Asynchronous Best Practices in C++/CX (Part 2)

This is part two in a series of articles on asynchronous coding in C++/CX. See the introduction here.

  1. Prefer a task chain to nested tasks
  2. Be aware of thread scheduling rules
  3. Be aware of object and parameter lifetimes
  4. Consider the effect of OS suspend/resume
  5. Style: never put a try/catch block around a task chain.
  6. References

2. Be Aware of Thread Scheduling Rules

  • When working with non-threadsafe code, you will usually prefer to continue on the same thread and not have to deal with multiple threads contending for the same data.
  • Helpfully, Universal Windows Platform (UWP) apps have a user interface thread inside a Single Threaded Apartment. On that thread, continuations (either a task .then() statement or code after a co_await statement) will almost always be scheduled to continue on the same thread.
    • Exception #1: if the initial task in a chain is not an IAsyncAction or IAsyncOperation (or their WithProgress variants), then the continuation may “break out” of the apartment to a different thread.
    • Exception #2: in my tests, I found that mixing coroutines and task-based continuations could still break out of the apartment. Calling a coroutine and then following it with a .then() task-based continuation seemed to cause it, although I haven’t dug very deep into the exact conditions.
  • If a continuation is not on the UI thread, then the guarantees go out the window. For threadpool threads, a continuation can be scheduled on any thread.
    • So, partway through a coroutine, you may find yourself on an entirely different thread.
    • I imagine this is to prevent “starvation” of asynchronous chains when running on a compute-intensive thread, for example. But it can be quite a gotcha.
    • The concurrency::create_task() method can take a task_continuation_context::use_current() parameter to (try) to force execution to stay on the same thread, but there’s no equivalent for coroutines.
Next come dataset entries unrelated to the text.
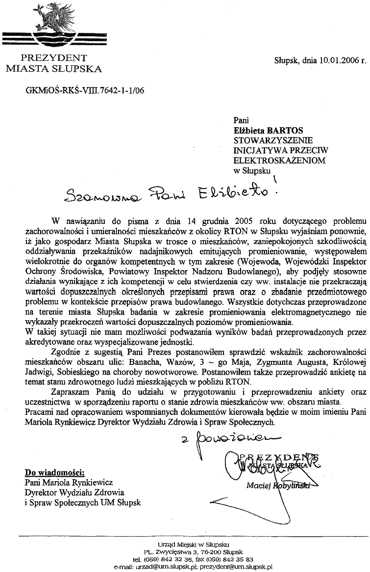 ![]() 4 marzec 2006 Słupsk. Biuletyn Informacji Publicznej: Zarządzenia Prezydenta Miasta z lutego 2006 Zarządzenia Prezydenta Miasta ze stycznia 2006 tam nie ma potwierdzenia decyzji z listu Prezydenta Miasta do pani Eli Bartos, tylko są decyzje o nieruchomościach. Zarządzenia pana Prezydenta Miasta Kobylińskiego czyta się jak wykaz biura maklerskiego. Widać, że ten Prezydent jest zajęty - handlem nieruchomościami.. Jeśli list do pani Elżbiety Bartos jest poważną ofertą to powinien zawierać decyzję o natychmiastowym odłączeniu wieży śmierci i wstrzymaniu budowy nowych BTS-ów takich jak budowy nowej stacji telefonii komórkowej sieci ERA GSM ale pan Prezydent Miasta Słupska informuje, że w publicznie dostępnym wykazie danych o decyzjach wymagających udziału społeczeństwa, pod numerem 6/05 umieszczona została decyzja Nr 5/06 z dnia 27 lutego 2006 roku o środowiskowych uwarunkowaniach zgody na realizację przedsięwzięcia polegającego na budowie stacji bazowej telefonii komórkowej sieci ERA GSM, zlokalizowanego na działce o numerze ewidencyjnym nr 302/9 przy ul. Obrońców Wybrzeża 4 w Słupsku realizowanego przez Polska Telefonię Cyfrową Sp. z o.o. z siedzibą w Warszawie, Al. Jerozolimskie 181. wprow. Joanna Miller (2006-03-03 14:33:10) Rak i inne choroby od stacji telefonii komórkowej są zbadanymi faktami nie od dzisiaj i tutaj odpowiedzialni za te inwestycje ludzie jak np Prezydent Miasta Kobyliński popełniają przestępstwo przeciwko ludzkości pozwalając na ciche mordy przez promieniowanie elektromagnetyczne z wieży śmierci gdy mydlą oczy pani Eli. ON JEST ZDECYDOWANIE ZA DŁUGO (od 1986 do 1990 i od 2002 do 2006 ) PREZYDENTEM MIASTA. Rotacja z inicjatywy Premiera Marcinkiewicza DOBRZE ZROBI MIASTU I SZPITALOWI. A może Prezydent Kobyliński sam zrezygnuje.. Co do wskaźników zachorowalności polecam moje wyliczenia z 2004 r. oraz prace z Naila i Netania Krzysztof Puzyna |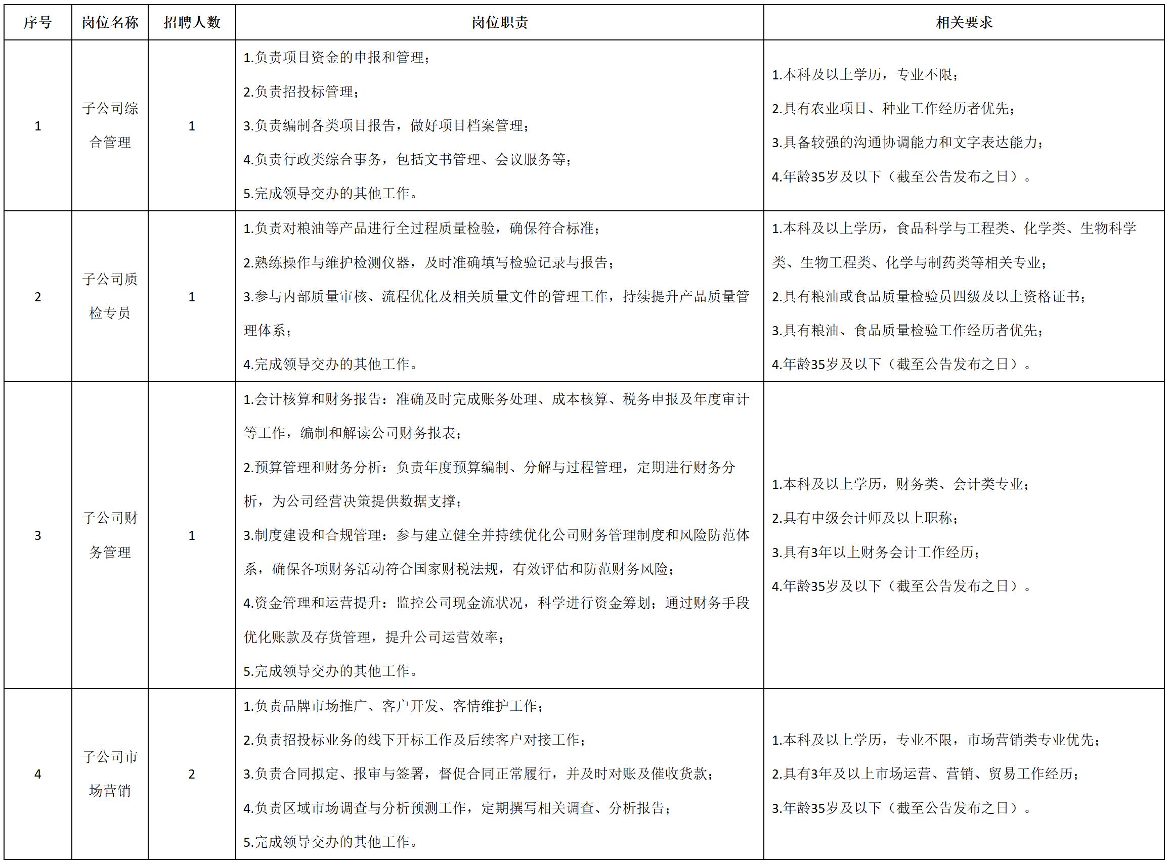 為進一步推動集團業務開展,充實集團現階段發展急需的人才隊伍,按照公開、平等、競爭、擇優的原則,綿糧集團現面向社會公開招聘工作人員5名,具體公告如下: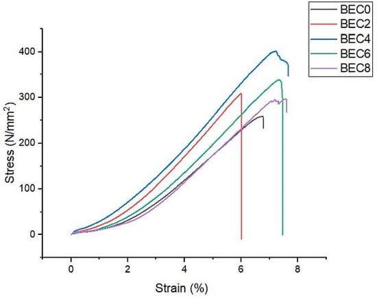 Figure 6 shows the stress–strain curve of the BEC laminates. The analysis of this plot indicates the brittle fracture of all BEC laminates, with fracture occurring between a strain of 5% and 7%. This means that the incorporation of the BAR filler rendered the BEC laminate stiff, thus improving the laminate’s resistance to deformation under the applied loads.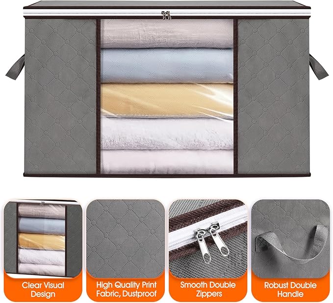 - TRANSPARENT DESIGN: Our clothing storage bins come with a transparent window, allowing you to quickly identify contents without opening the bag. This is a convenient and time-saving solution compared to opaque storage options

It’s not clear to me that this always works, however; I need to test further and explore.
  • When in doubt: use std::this_thread::get_id() to check the thread id over the course of an asynchronous chain of operation.
  • When on a threadpool thread, my preference is to write a standalone coroutine in a functional style rather than as a traditional method within a class. I avoid using the this pointer, pass inputs to the coroutine by value and return a result from the asynchronous chain. If I want to modify an object, I’ll write an accompanying method that calls the coroutine, then schedules a final task on the original thread to mutate the object. Here’s an example:
    class MyClass {
    private:
      static concurrency::task<std::wstring> Coroutine(wstring filename) {
        // ... do some stuff, open file with co_await, read data, etc...
        co_return result;
      }
    public:
      void MemberFnAsync() {
        concurrency::create_task(Coroutine(m_filename),
          task_continuation_context::use_current())
        .then([this](wstring result) {
          this->SetTextFromFile(result);
        });
      }
    };

3. Be Aware of Object and Parameter Lifetimes

  • When passing data into asynchronous code, you want to pass by value. That applies to both lambda captures (for continuation tasks) and to coroutine parameters.
  • Why? If you pass do a traditional C++ calling convention like this:
    concurrency::task<void> MyCoroutineAsync (const wstring &str) {
    // do some stuff.
    co_await OtherFn();
    AnotherFn(str);
    }

    … the str parameter will typically be valid until the first co_await statement, but at that point execution will return to the caller until OtherFn() completes. The str parameter may well then be destroyed—especially if it was an rvalue or a stack variable. By the time the coroutine resumes and AnotherFn() is called, str will be a dangling pointer.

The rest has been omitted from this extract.